Due to the way operators are parsed in the C++ language, this expression is decomposed in multiple subexpressions, which are then formally chained together in the following fashion:

auto tmp0 = a[6] * x;
auto tmp1 = tmp0 + a[5];
auto tmp2 = tmp1 * x;
auto tmp3 = tmp2 + a[4];
// ... and so on.

In other words, the evaluation of the expression above results in the creation of 12 temporary real objects. It’s easy to see that the creation of these temporary variables is not really necessary if one, instead of using overloaded binary operators, employs either the ternary mathematical primitives provided by real, or, equivalently, in-place operators:

// Create the return value.
real ret{a[6]};

// Accumulate the result into
// ret step-by-step.
mul(ret, ret, x);    // or: ret *= x;
add(ret, ret, a[5]); // or: ret += a[5];
mul(ret, ret, x);    // or: ret *= x;
add(ret, ret, a[4]); // or: ret += a[4];
// ... and so on.

While this approach is valid and efficient, it is quite verbose, and, arguably, code clarity suffers.
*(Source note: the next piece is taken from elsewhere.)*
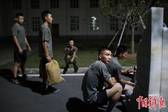 8月15日晚,空军空降兵某部“模范空降兵连”,战士们在准备即将到来的合唱比赛。他们还手工制作了道具,准备表演抗震救灾题材的情景剧。2008年“5·12”汶川特大地震,该连队是最先抵达灾区的部队之一。

Luckily, it turns out that such a complication is not really necessary, because all the operators and functions in the real API are move-aware. This means that the real API is able to detect when a real argument is a temporary (technically, an rvalue) and it is able to re-use the memory provided by such a temporary to construct the result of the operation.

For instance, consider the subexpression:

a[6] * x + a[5]

Here the multiplication a[6] * x produces a new real, which is then added to a[5]. The binary addition operator of real recognises that the first argument is an rvalue, and accordingly it will use the memory provided by the result of a[6] * x to create the result of the full subexpression, thus avoiding an unnecessary memory allocation.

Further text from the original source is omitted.